Small Bank Assessment Change Could Lead to Higher Capital Requirements

July 2015

Read Between the Lines

Each month Bank Insights reviews news from regulators and others to give perspective on regulatory challenges.

Small Bank Assessment Change Could Lead to Higher Capital Requirements

The FDIC’s proposal to change the way it assesses deposit insurance for small banks will have an adverse impact on banks with a high concentration of construction and development loans, bankers complained at the latest FDIC community bank advisory committee meeting. That’s because the rule would count such loans as high-risk under a new loan mix index, primarily because those types of loans contributed to a large number of community bank failures after the 2008 recession.

There is one way that banks with large concentrations of C&D loans can mitigate higher assessments, advised Diane Ellis, FDIC Director of Insurance and Research: Increase capital levels.  “The way the formula works, that would reduce the assessment of a bank,” she said.

Bank CEOs at the meeting said the FDIC was indirectly penalizing banks because of their business models. “We’re approaching this like most insurance companies do,” Ellis responded. “They look at the portfolios of risk they are underwriting. Certain business models create higher risk and that is what we are trying to charge for.”

In a comment letter, Carl Dodson, EVP and COO at John Marshall Bank in Reston, Va., said the proposal would increase the $831 million bank’s premiums by more than 30 percent to more than $500,000 yearly – even though the bank’s financial performance has improved since the recession.   “Well run banks fueling economic growth and located in strong markets should not have to pay higher assessment rates due to what has been partially caused by weak regulatory oversight of reckless lenders,” he wrote.

The following map shows which states would be most negatively affected by the proposal.


Regulators Unveil Cybersecurity Assessment Tool

The prudential regulators want all CEOs and boards to understand and determine their institution’s overall cyber risks. The FFIEC has released a cybersecurity assessment tool to help. The FFIEC stresses that CEOs and the board must develop plans to conduct a cyber risk assessment and institute risk management practices to mitigate potential problems.  The tool allows banks to calculate their inherent risk profile and cybersecurity maturity level.

CFPB Cites CEO for Lender Originator Compensation Plan

Take note: The Consumer Financial Protection Bureau fined RMP Mortgage Inc. and its CEO for illegally paying bonuses and higher commissions to loan originators who steered consumers into costlier mortgages. The fines would total $20 million, including a $1 million civil penalty to be paid by the CEO individually.  Banking experts warn lenders to review their loan originator compensation plans now. Failing to comply can disqualify loans from being considered qualified mortgages, which can have serious implications.
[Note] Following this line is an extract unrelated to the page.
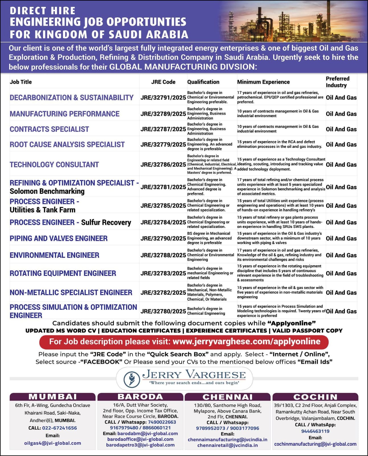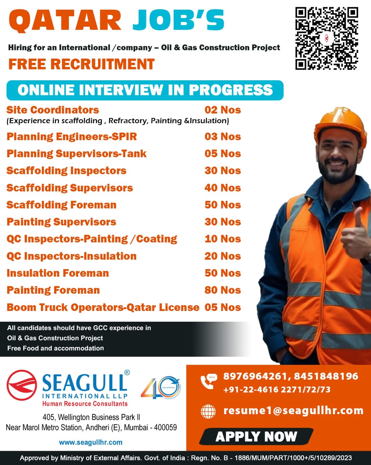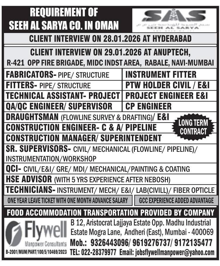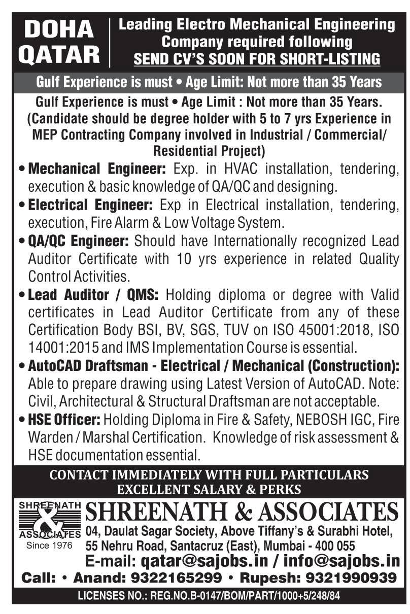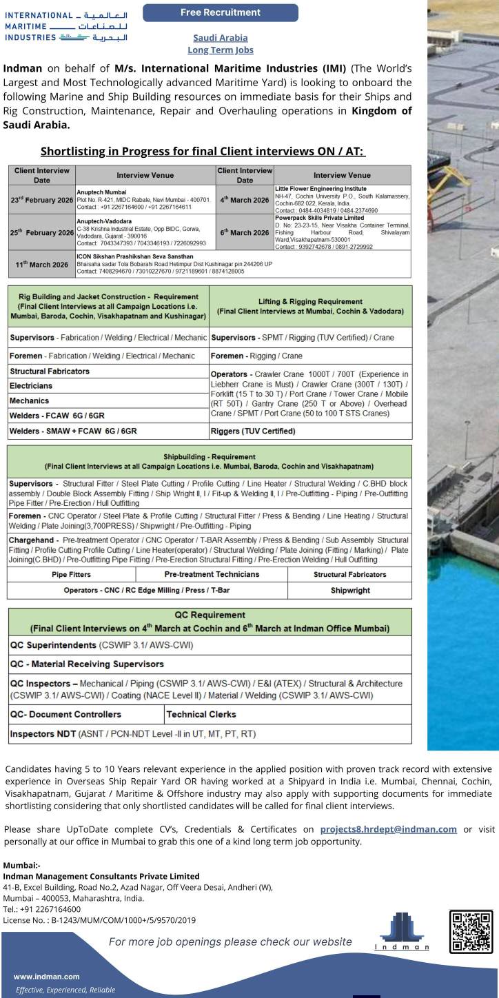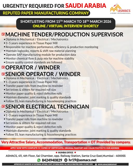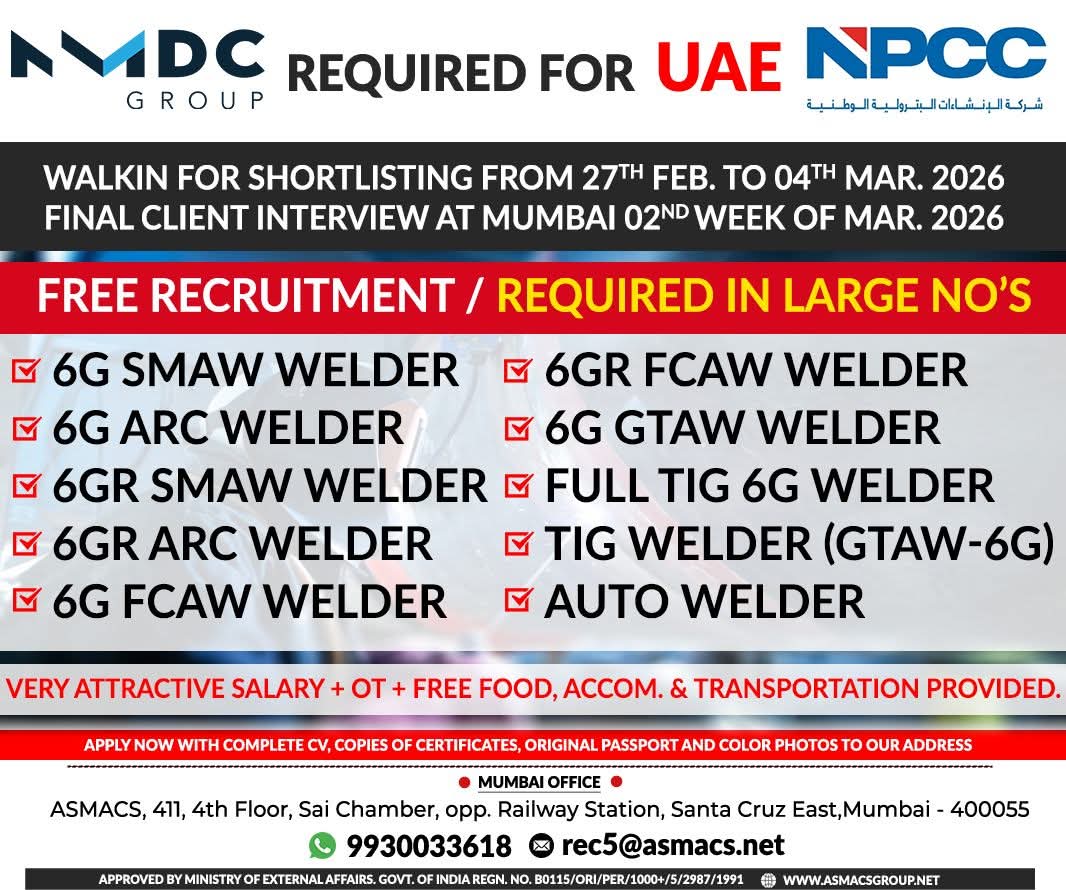 GULF EMPLOYMENT NEWSPAPER JOBS: Urgently Required for SAUDI ARABIA Min. 3 to 10 yrs preferably experience in Industry. WPR Work Permit Receiver-Aramco certificate, QA/QC Welding Engineer-Aramco Approved, QA/QC Piping Engineer-Aramco Approved, Scaffolders Labours Must with TUV Card, Scaffolding Supervisor-Aramco certificate, Support Sales Team Preferably Kerala & Degree, Indoor Salesman Preferably Kerala & Degree, Quality Engineer Experience at least 5 years in Concrete Batching Plant and Raw material, Lab Technician-Exp. in Concrete Batching plant, Pump operator-Exp. in Concrete Batching plant, Batching Plant operator-Exp. at least 2 years. Laundry Man/operators, Autocad -3D- Civil, Dozer operator, Haris/Watchman, Chef/Cooks, Return House Drivers Asst. Cooks, Pastry Chef/Bakers, Secretary, Unit Managers-Experience in catering. Block Visa Ready. Immediate Departure. Bring your CV Photos & Original Passport along with you. FAISA MANAGEMENT SERVICES Esjay House, Level 1 RM 4, Below Barkat English School, Maulana Azad Road Byculla Mumbai400 010. Tel 022 2307373, Mob 9022355544
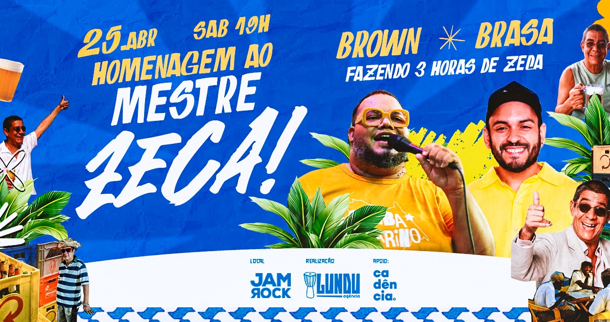 Tu já ouviu falar do "BROWNSA"? É Brown + Brasa, bebê, fazendo 03 horas de Zeca Pagodinho nos couro, com direito ao Lado B da parada. Uma noite para exaltarmos toda a musicalidade e malandragem do homenageado da noite.

FDIC Planning New Tools for Boards

The FDIC is working on a vendor management video to be completed by the end of year that will include  case studies, according to  Doreen Eberley, Director of the Division of Risk Management Supervision. She told the July community banking advisory meeting that the FDIC is also updating its videos on interest rate risk management and putting together a new practical handbook for directors .  The guide will include information about corporate governance, risk management and ethics, with particulars on how a director’s responsibilities differ from day-to-day management, how to develop a sound business plan and a robust strategic plan, and ways to effectively communicate with examiners.  The handbook will also discuss the differences between rules, guidance and best practices.